Tak hanya itu, mereka juga menilik sistem pengairan yang diterapkan di area tersebut. Mulai dari aktivitas mandi-cuci-kakus (MCK) yang dilakukan warga, sistem pembuangan air selokan, hingga air siap minum yang disediakan oleh pemerintah. Sebagian dari area tersebut dapat berfungsi dengan baik, sebagian lagi sudah mulai tidak bisa digunakan.
Selesai melakukan survei di lokasi pertama, tim ITB melaju ke daerah yang terkena bencana likuifaksi di Baraloa. Hampir semua rumah di Baraloa rata dengan tanah. Bahkan terdapat sebuah rumah yang digenangi oleh air. “Kami khawatir air yang menggenang ini digunakan oleh masyarakat, karena mungkin saja terkontaminasi bahan berbahaya dan menjadi B3,” ucap Wika Maulany, Asisten Akademik FTSL-ITB yang ikut terjun dalam pemantauan ini.
Survei yang dilakukan para mahasiswa Rekayasa Infrastruktur Lingkungan ITB ini juga menemukan beberapa septictank yang meluber dan penuh. Menurut Wika Volume septictank yang tersedia di lapangan kurang, sehingga banyak meluber ke permukaan.
Tim ITB melakukan konsolidasi dan audiensi dengan pihak pihak terkait sejak hari selasa (18/12/2018) kemarin, yang rencananya akan berakhir pada minggu (30/12/2018) dengan capaian luaran tiga program ITB untuk Sanitasi di Palu, Sigi, dan Donggala. Tiga program tersebut terdiri atas sanitasi di shelter darurat yang akan ditinggalkan, sanitasi dan sistem pengairan di hunian sementara (huntara), dan sistem penyediaan air bersih. Dengan harapan akhir tahun ini ITB dapat memberikan rekomendasi desainkepada pihak-pihak terkait untuk menyelesaikan ketiga program tersebut.

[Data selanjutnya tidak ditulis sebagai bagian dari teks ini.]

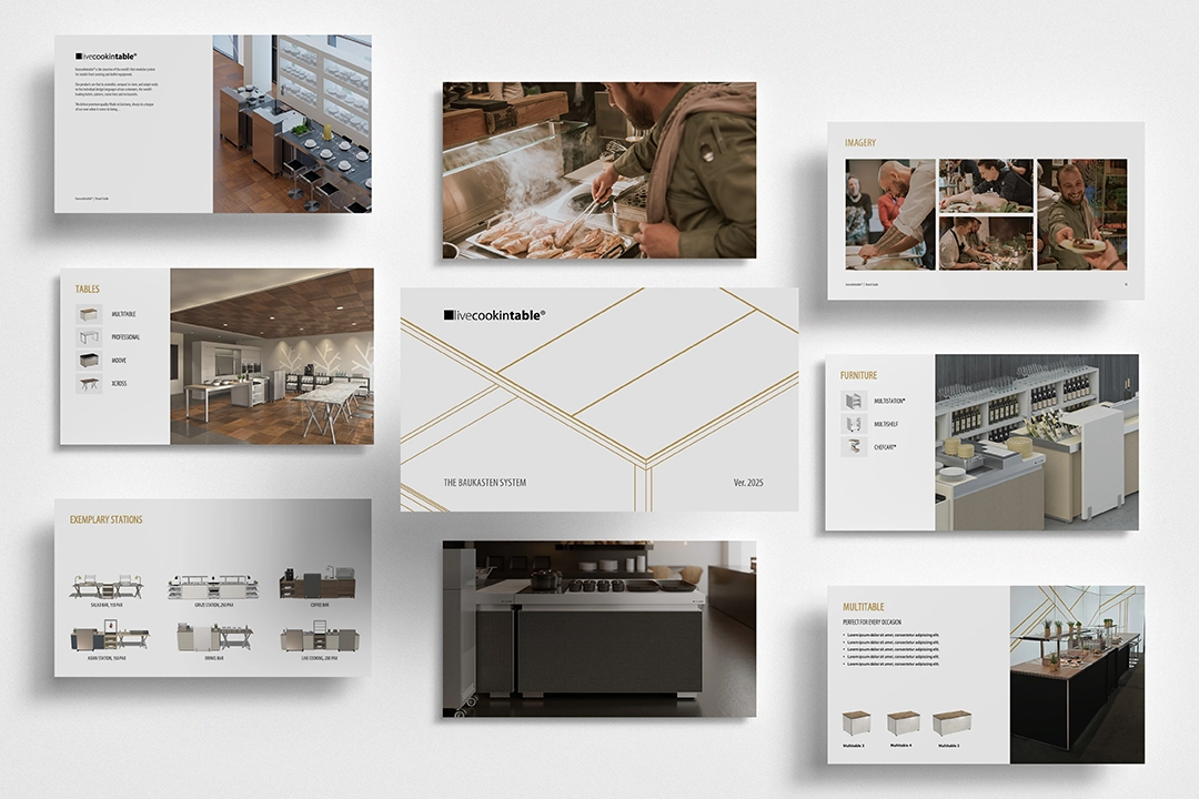 livecookintable® is a German-based premium hospitality brand known for its innovative modular cooking systems used by leading hotels and event professionals worldwide. My role was to design a cohesive range of marketing and presentation materials that effectively showcased the brand’s craftsmanship, flexibility, and design excellence. This included developing visually engaging brochures, digital assets, and presentation decks that aligned with Livecookintable’s global brand standards. The goal was to enhance the brand’s visual communication and make complex modular systems easy to understand through clear, elegant design. The result was a unified and professional visual presence that strengthened Livecookintable’s global positioning and helped support its marketing and sales initiatives across international markets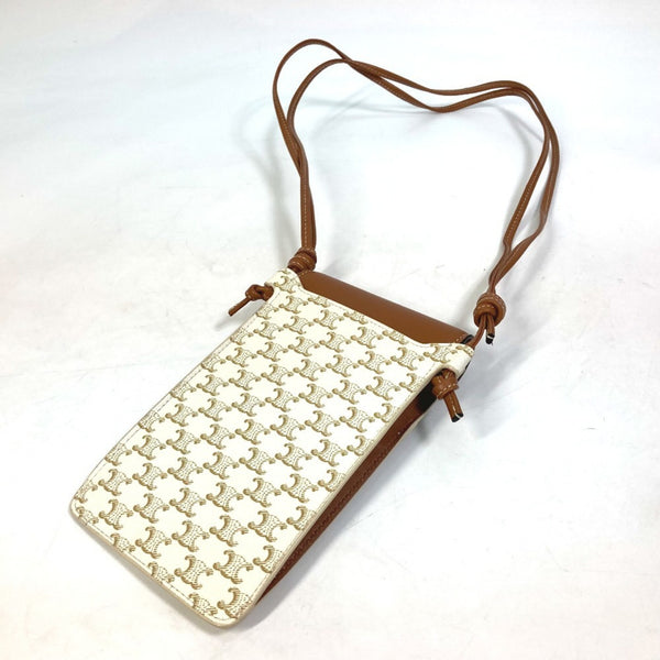 CELINE Triomphe Phone Case/Bail Pouch Shoulder Bag/Pochette Smartphone Case, PVC/Nylon, Beige, 10G332CQD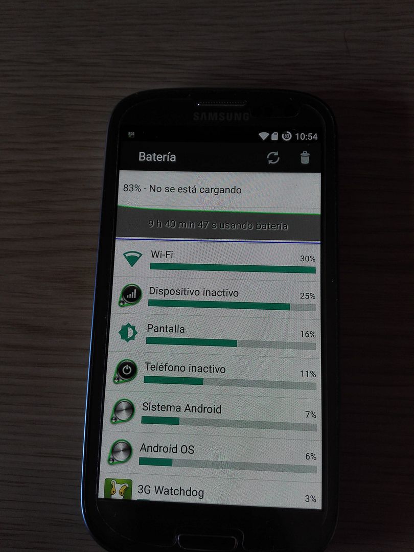 aun asi al ser la bateria nueva le dare un par de ciclos de carga espero que mejore. ademas estos consumos es sin tarjeta SIM puesta ,solo con wifi y sin localizacion ni blueetooh ni nada mas.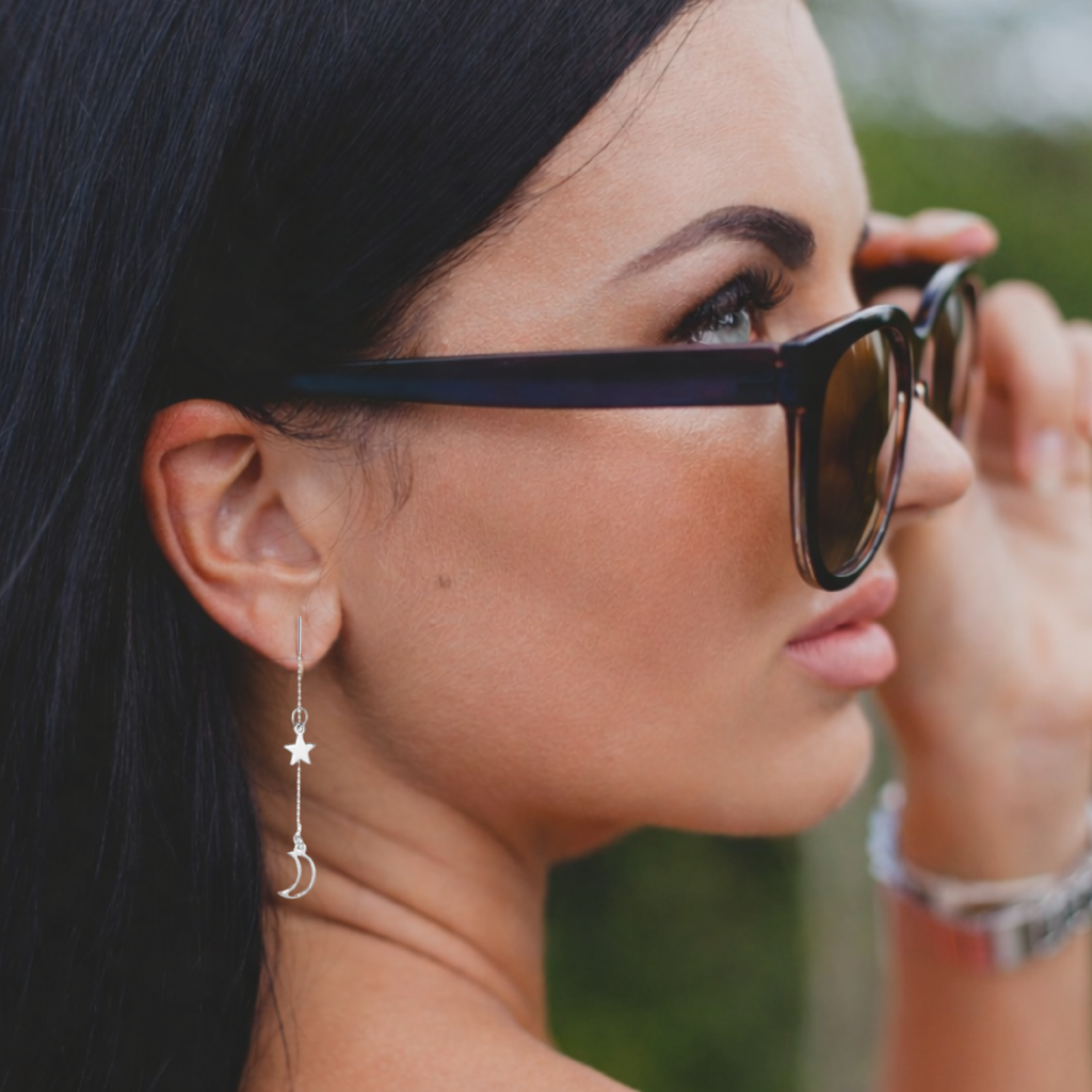 Jemný dlouhý design s elegantním řetízkem dodává náušnicím lehkost a pohyb. Přívěsky ve tvaru hvězdy a měsíce vytvářejí romantický detail, který symbolizuje sny, rovnováhu a nekonečné možnosti 🌙⭐

“Secara umum, terdapat tiga bencana yang terjadi di Palu, yaitu gempa bumi terjadi di semua daerah, tsunami di daerah pesisir, dan likuifaksi di daerah pegunungan,” papar Ir. Mipi Ananta Kusuma dari Kelompok Keahlian (KK) Geodesi ketika kunjungan ke salah satu shelter di Balaroa.
Hal ini menimbulkan kemungkinan air tanah yang nantinya akan dikonsumsi masyarakat sudah terkontaminasi oleh bahan bahan berbahaya. Seperti tercemar tumpahan oli bengkel, jenazah, bensin, juga bahan lainnya. Terlebih lagi daerah Palu sendiri airnya dapat ditemukan dengan kedalaman beberapa meter saja. Sehingga semakin besar kemungkinan air tersebut terkontaminasi bahan berbahaya.